* [Data for analysis]
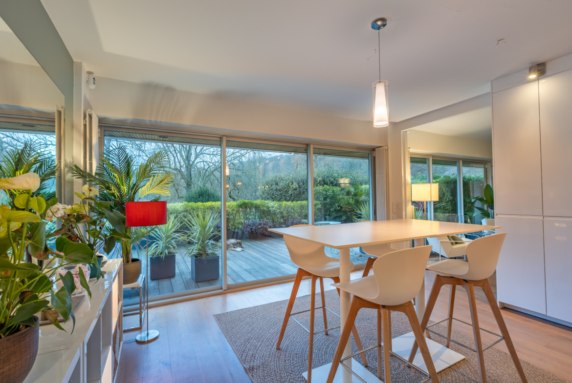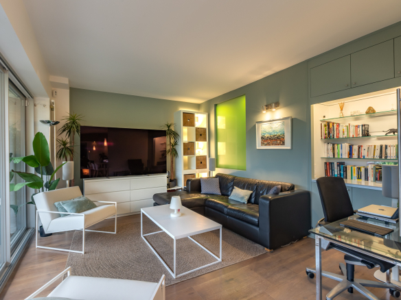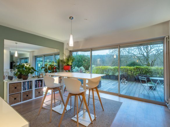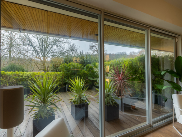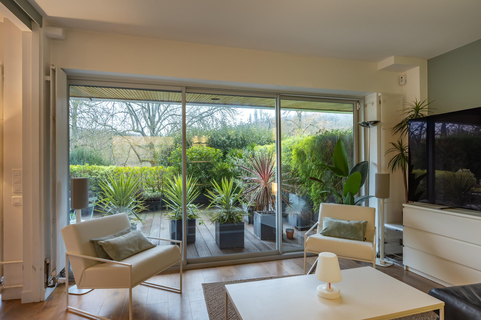 VILLE d'AVRAY (92140), For sale: a unique 70 sq m ground-floor apartment with an adjoining 25 sq m veranda and an 85 sq m corner terrace, partially covered and facing southeast. Enjoy breathtaking views of the VILLE d'AVRAY ponds, known as "Les Étangs de COROT"! Two underground parking spaces, including a double space, and a cellar complete this property. A true home-like feel! Located in a small, secure, upscale condominium with a caretaker and private green spaces extending directly from the apartment's grounds. A complete change of scenery with ample walking opportunities and absolute tranquility. The apartment is tastefully furnished with high-end amenities and playful features that, through the interplay of light and movable elements, can create a variety of atmospheres. It is currently laid out as an entrance hall, a 16 sq m living room (which could be converted into a bedroom), and a small bedroom. Bathroom of nearly 8 sq m with shower and bathtub. 8 sq m kitchen opening onto the living room of approximately 25 sq m, facing south, and the veranda of the same size facing east (condominium agreement for the installation of reversible air conditioning). Ample storage completes the property. Elevator access to parking and cellar. Suitable for use as a professional practice, subject to obtaining the necessary permits. Schools, shops, and restaurants within 1 km. Sèvres/Ville d'Avray train station; line L to Paris Saint-Lazare.
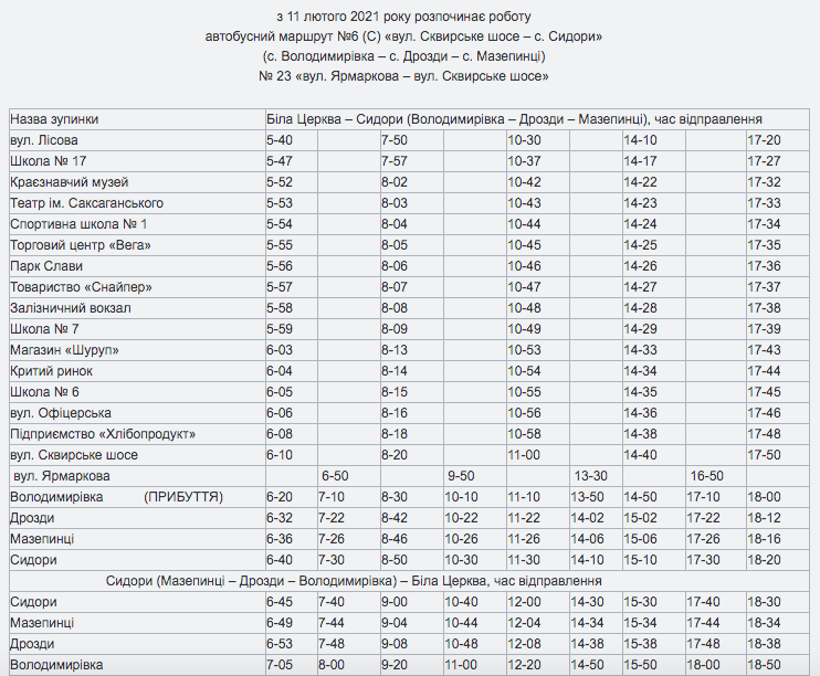 №6 (С) «вул. Сквирське шосе – с. Сидори» (с. Володимирівка – с. Дрозди – с. Мазепинці),
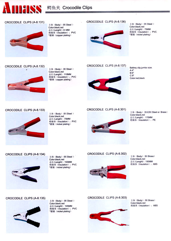 本公司專業(yè)生產(chǎn)各類香蕉插頭,香蕉插座,接線柱,電瓶夾,鱷魚夾,測(cè)試導(dǎo)線,測(cè)試筆等。產(chǎn)品分2mm/2.5mm/3mm/3.5mm/4mm五大系列,百余種款式, 各種香蕉插廣泛用于儀器、儀表、電力測(cè)試、教學(xué)、玩具,視聽設(shè)備、醫(yī)療儀器,保健產(chǎn)品等領(lǐng)域。公司技術(shù)力量雄厚,生產(chǎn)工藝先進(jìn),產(chǎn)品遠(yuǎn)銷港、臺(tái)、歐美,并與飛利浦等國(guó)際品牌配套。公司本著精益求精的理念,歡迎新老客戶光臨。
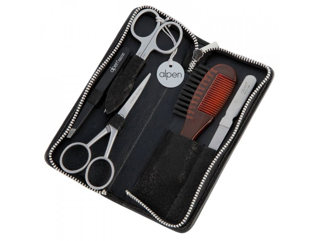 Sada na manikúru a úpravu vousů Inox kožená Alpen
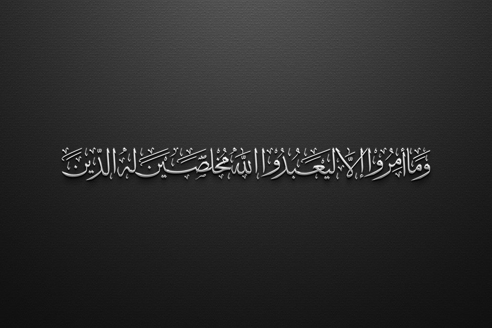 Experience the timeless beauty of Islamic scripture through this Arabic calligraphy artwork of Surah Al-Bayyinah Ayat 5, designed in the majestic Thuluth style. Known for its sweeping curves and artistic elegance, Thuluth brings this verse to life with a spiritual and visual depth perfect for any sacred or decorative setting.
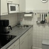 Kühlschrank, Geschirreinrichtung, Elektroherd, Tiefkühlfach, Mikrowelle, Wasserkocher, Kaffeemaschine, Toaster, Eierkocher, Besteck, Gläser
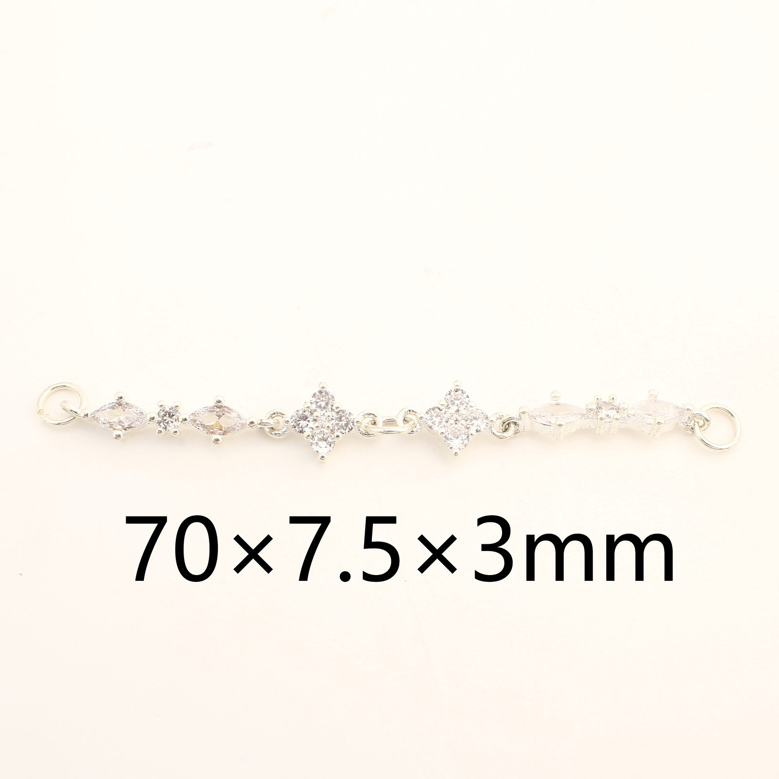 Messing Extender Chain, DIY & micro pave zirconia, zilver, 70x7.50x3mm, Verkocht door PC
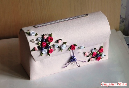 Взяла коробочку от хрензнаетчего и слепила вот такую шкатулку. Внутри она белая. Я обклеила ее бумагой. Снаружи тоже белая бумага, а сверху такая полупрозрачная розового цвета, ее используют для оформления букетов.

* [What you have to do] Copy word for word the lines of the records above from the one with "Сквирське шосе –" up to and including the one with "Messing Extender Chain, DIY". Skip the pictures.

* [Solution for this exercise]
 №6 (С) «вул. Сквирське шосе – с. Сидори» (с. Володимирівка – с. Дрозди – с. Мазепинці),
 本公司專業(yè)生產(chǎn)各類香蕉插頭,香蕉插座,接線柱,電瓶夾,鱷魚夾,測(cè)試導(dǎo)線,測(cè)試筆等。產(chǎn)品分2mm/2.5mm/3mm/3.5mm/4mm五大系列,百余種款式, 各種香蕉插廣泛用于儀器、儀表、電力測(cè)試、教學(xué)、玩具,視聽設(shè)備、醫(yī)療儀器,保健產(chǎn)品等領(lǐng)域。公司技術(shù)力量雄厚,生產(chǎn)工藝先進(jìn),產(chǎn)品遠(yuǎn)銷港、臺(tái)、歐美,并與飛利浦等國(guó)際品牌配套。公司本著精益求精的理念,歡迎新老客戶光臨。
 Sada na manikúru a úpravu vousů Inox kožená Alpen
 Experience the timeless beauty of Islamic scripture through this Arabic calligraphy artwork of Surah Al-Bayyinah Ayat 5, designed in the majestic Thuluth style. Known for its sweeping curves and artistic elegance, Thuluth brings this verse to life with a spiritual and visual depth perfect for any sacred or decorative setting.
 Kühlschrank, Geschirreinrichtung, Elektroherd, Tiefkühlfach, Mikrowelle, Wasserkocher, Kaffeemaschine, Toaster, Eierkocher, Besteck, Gläser
 Messing Extender Chain, DIY & micro pave zirconia, zilver, 70x7.50x3mm, Verkocht door PC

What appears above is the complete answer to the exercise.